▶ The data
━━━━━━━━━━━━━━━━

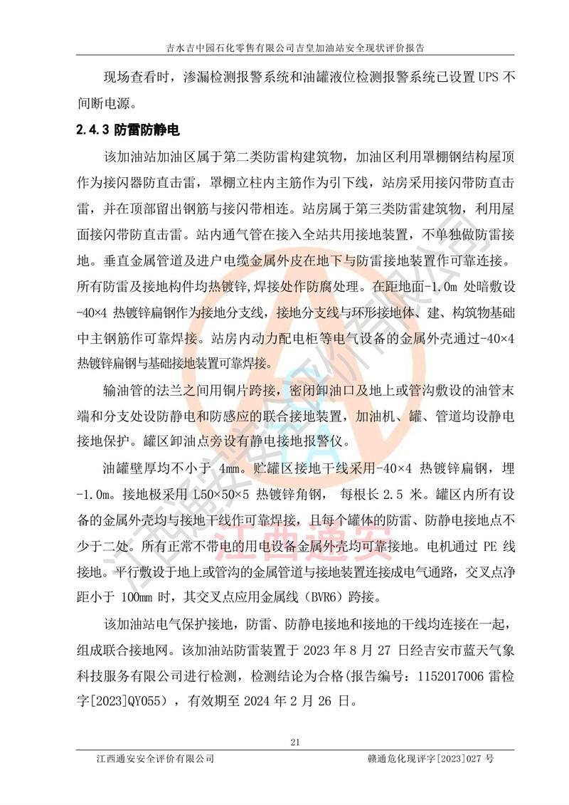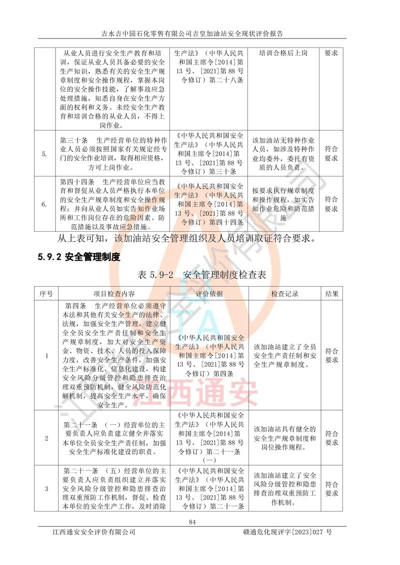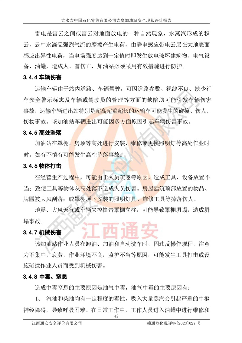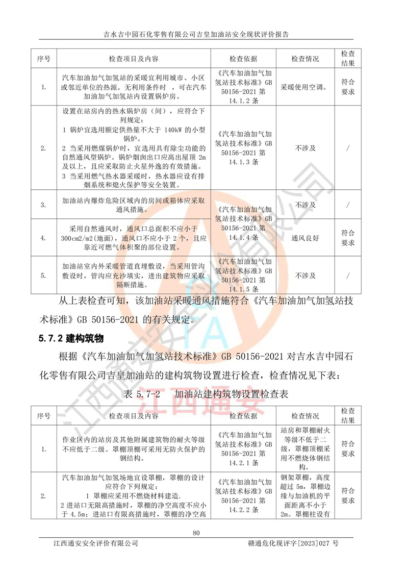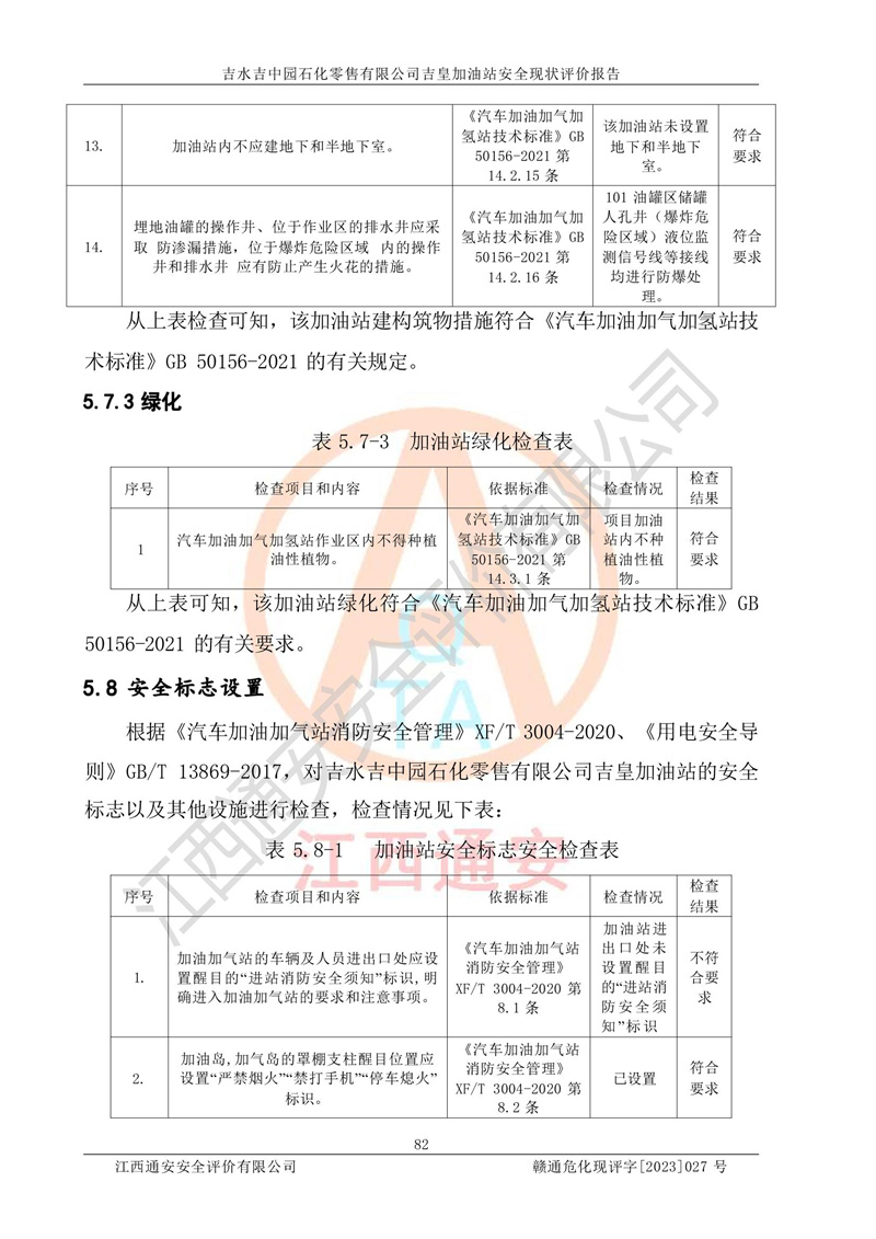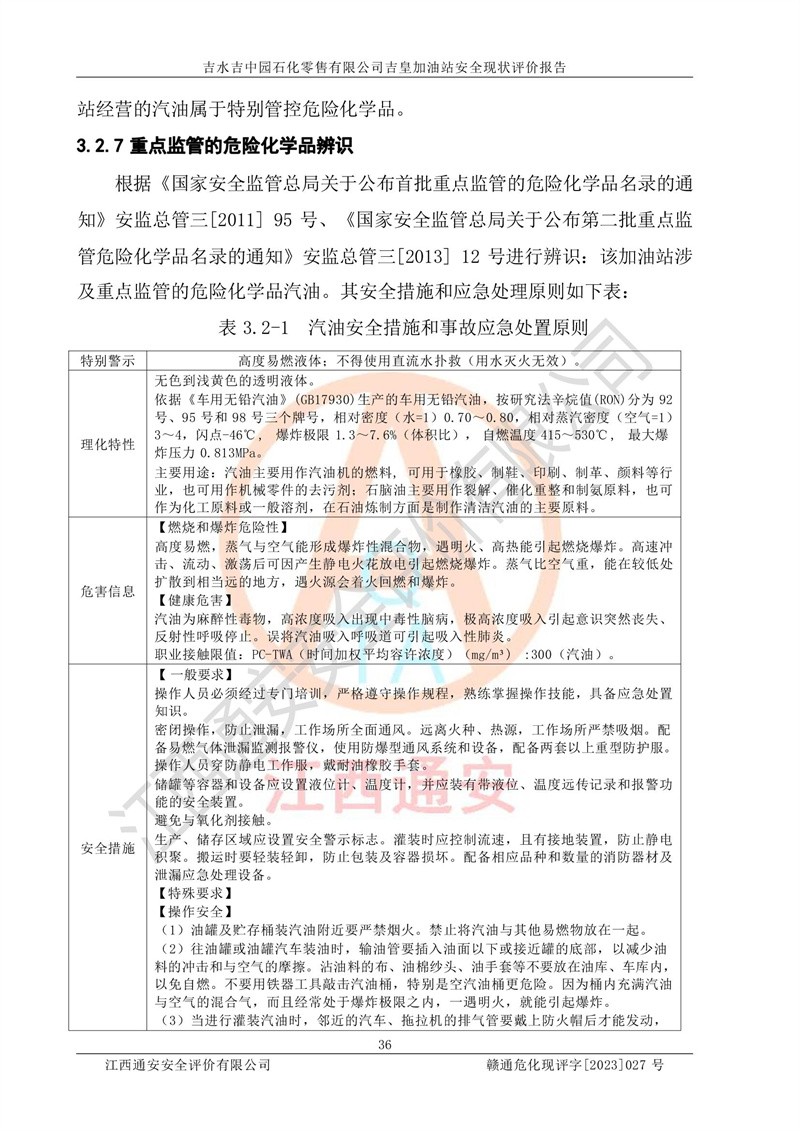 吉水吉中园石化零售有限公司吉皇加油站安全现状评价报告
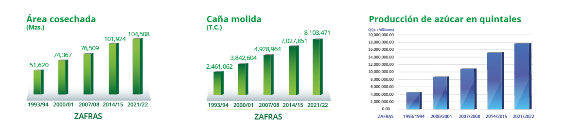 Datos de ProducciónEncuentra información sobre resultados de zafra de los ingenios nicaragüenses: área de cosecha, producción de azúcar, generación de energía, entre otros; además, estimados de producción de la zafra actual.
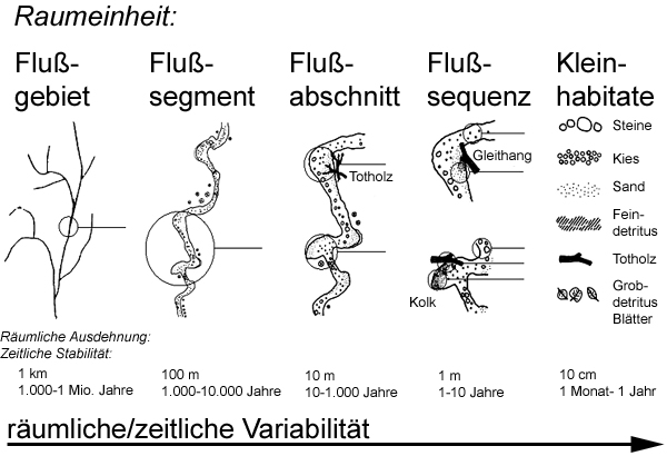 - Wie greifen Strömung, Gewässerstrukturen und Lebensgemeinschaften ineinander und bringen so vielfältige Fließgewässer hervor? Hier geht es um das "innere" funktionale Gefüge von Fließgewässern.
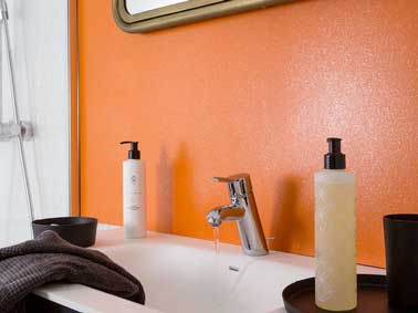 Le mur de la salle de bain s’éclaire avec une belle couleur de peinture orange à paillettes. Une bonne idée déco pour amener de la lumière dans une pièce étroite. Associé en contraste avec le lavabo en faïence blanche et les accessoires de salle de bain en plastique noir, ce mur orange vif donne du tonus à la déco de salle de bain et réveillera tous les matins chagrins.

━━━━━━━━━━━━━━━━

▶ Requirement
To complete this exercise, repeat exactly the lines above from the one holding "- Wie greifen" to the end of the listing, both included, and leave the pictures out.

▶ Completed task
 - Wie greifen Strömung, Gewässerstrukturen und Lebensgemeinschaften ineinander und bringen so vielfältige Fließgewässer hervor? Hier geht es um das "innere" funktionale Gefüge von Fließgewässern.
 Le mur de la salle de bain s’éclaire avec une belle couleur de peinture orange à paillettes. Une bonne idée déco pour amener de la lumière dans une pièce étroite. Associé en contraste avec le lavabo en faïence blanche et les accessoires de salle de bain en plastique noir, ce mur orange vif donne du tonus à la déco de salle de bain et réveillera tous les matins chagrins.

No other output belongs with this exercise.